Building and managing agents on Kubernetes

Beyond the networking and gateway layer, another set of tools focuses on the agent lifecycle itself: building agents, deploying them, discovering tools, and orchestrating workflows.

Agent frameworks

kagent is a CNCF Sandbox project (created at Solo.io) that provides a Kubernetes-native framework for building AI agents. Agents, tools, and model configurations are all defined as Kubernetes CRDs. It ships with pre-built MCP tool servers for cloud-native operations (Kubernetes, Istio, Helm, Argo, Prometheus, Grafana, Cilium). Its engine is built on Google ADK. Note: this is a different project from kagenti (IBM), which focuses on securing and operating agents rather than building them.

Dapr Agents takes a different approach, focusing on resilient agent workflows. Built on the CNCF Dapr runtime, it uses a virtual actor model where each agent is a lightweight, stateful actor with scale-to-zero support. Its key differentiator is durable execution: agent workflows are guaranteed to complete through automatic retries and state recovery after crashes. Dapr provides built-in pub/sub, state management, and service invocation out of the box.
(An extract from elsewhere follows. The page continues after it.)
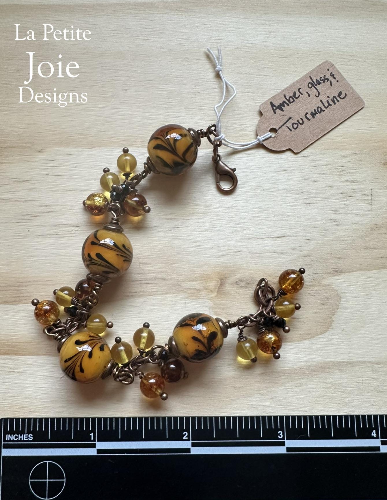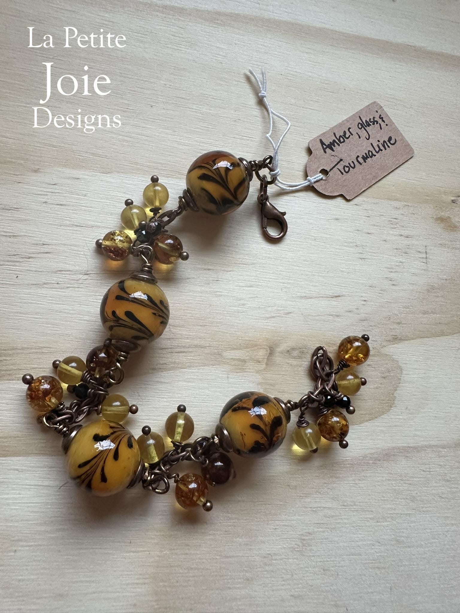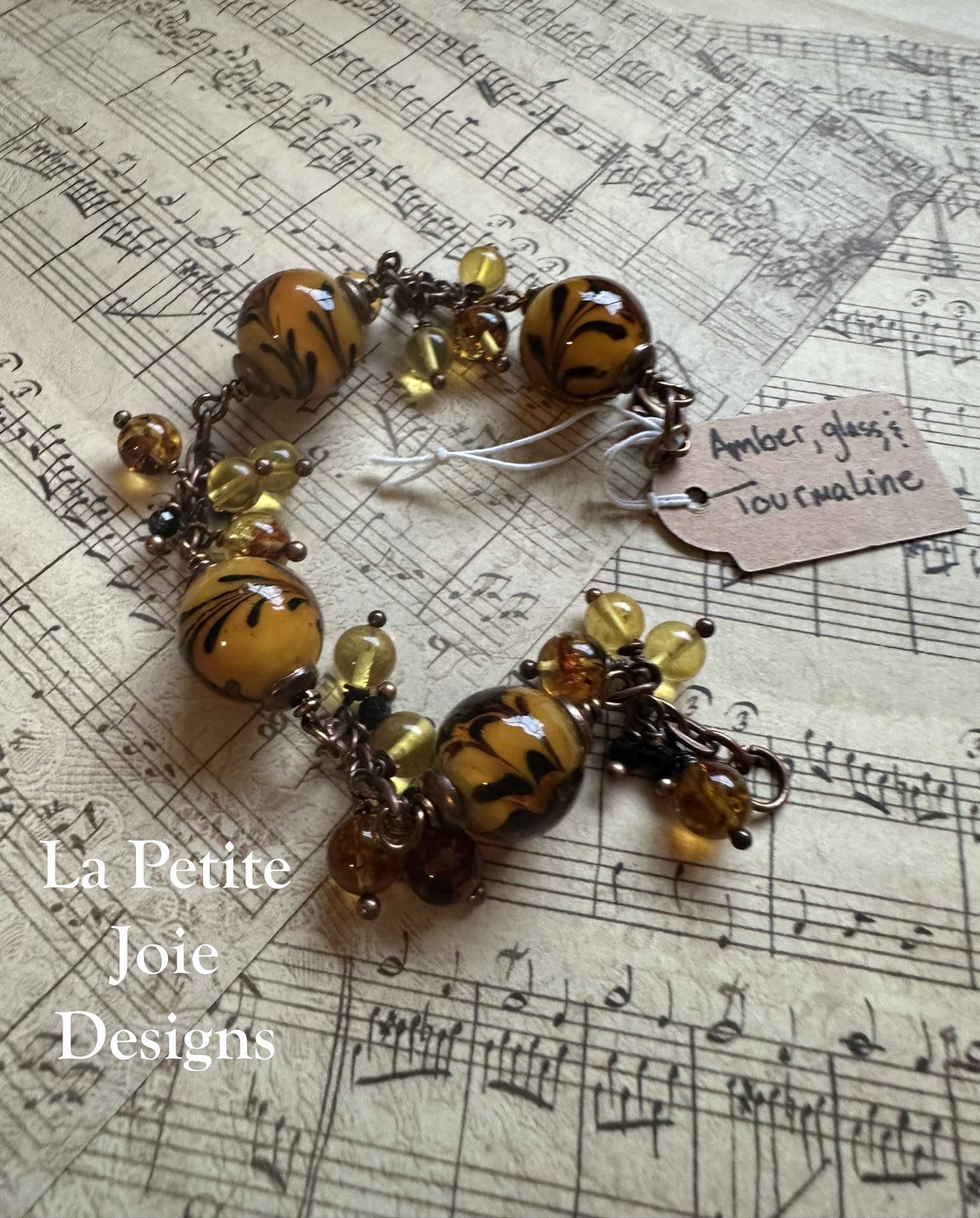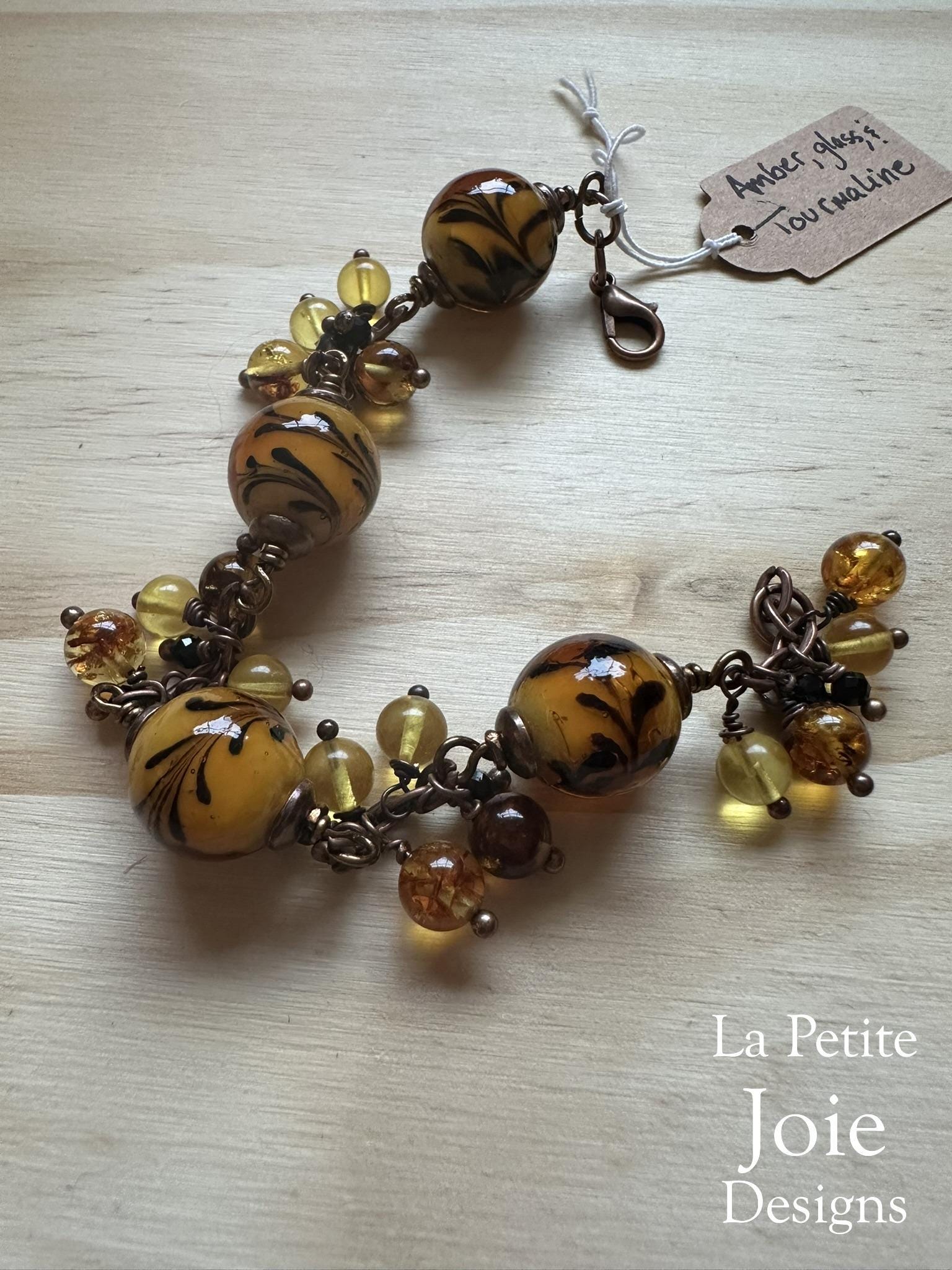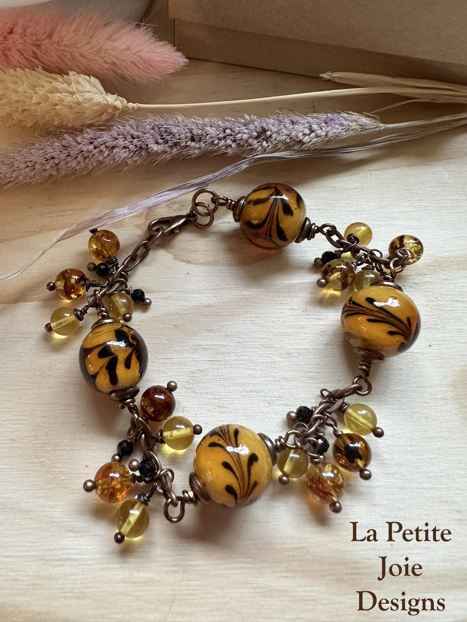 This vibrant wire-wrapped bracelet features bold 10mm yellow glass beads adorned with delicate black flower details, creating a striking and artistic focal point. Between each large bead, rich honey-colored, golden yellow, and deep brown amber drops sway gently, adding warm, earthy movement with every flick of the wrist. Small black tourmaline beads serve as grounding accents, balancing the bright color palette with a touch of protective, natural energy.

Both frameworks were featured in talks that showed them in action:

Day-2 Ready: Bringing agentic pilots to production - Idit Levine & Keith Babo, Solo.io: Solo.io presented their vision for taking agents from prototype to production. They introduced kagent as the framework for defining and running agents on Kubernetes, and agentregistry (covered below) as the missing discovery layer. The central argument was that production-readiness for agents requires the same declarative, GitOps-friendly patterns that platform teams already use for the rest of their infrastructure.
Orchestrating Document Data Extraction with Dapr Agents - Fabian Steinbach, Software Architect, ZEISS: ZEISS Vision Care shared how they built a document data extraction pipeline using Dapr Agents. Their challenge was processing highly variable, multi-lingual documents with different layouts and handwriting. By composing deterministic workflows that blend specialized OCR, LLM calls, and standard code, they went from concept to production in two months. The talk demonstrated a key advantage of Dapr Agents: because workflows are durable and vendor-neutral, the team could swap AI providers without rearchitecting the system.

Agent registries

agentregistry addresses a practical problem: MCP servers and AI tools are scattered across npm, PyPI, Docker Hub, GitHub repos, and random URLs. Nobody knows which ones are trustworthy, which versions work, or how to get them running. agentregistry is an open-source platform that gives you one place to find, manage, and run MCP servers, AI agents, and skills. You import or publish artifacts once, and then anyone on your team can discover them, deploy them with one command, and have their IDE automatically configured to use them.

The broader AI landscape

Beyond agents and gateways, a few other AI-related talks stood out:

MCP in 2026: Context is All You Need - David Soria Parra, Anthropic: David Soria Parra, one of the creators of MCP at Anthropic, gave an update on where the Model Context Protocol is heading. The key takeaway was that MCP is moving beyond simple tool calling toward richer context exchange between agents and their environment, making the protocol a foundational building block for agentic systems rather than just a tool integration spec.
The New AI Coding Fabric - Patrick Debois, Tessl: Patrick Debois drew a parallel between the DevOps movement and today's autonomous coding agents. Just as DevOps introduced patterns for continuous integration and delivery, he argues we need a similar "fabric" of practices, pipelines, and feedback loops for AI-driven software development. The talk outlined how teams can apply lessons from DevOps to govern, test, and trust code produced by coding agents at scale.
Is AIOps the Future of Operations? Real Use Cases From the Trenches - Iveri Prangishvili & Danilo Banjac, Adobe: Adobe shared real-world examples of using agentic workflows to automate on-call tasks, diagnose incidents, and drive continuous improvement. The practical takeaway was that AIOps is not about replacing operators but about reducing manual toil: agents handle the repetitive triage and data gathering so that humans can focus on the decisions that matter.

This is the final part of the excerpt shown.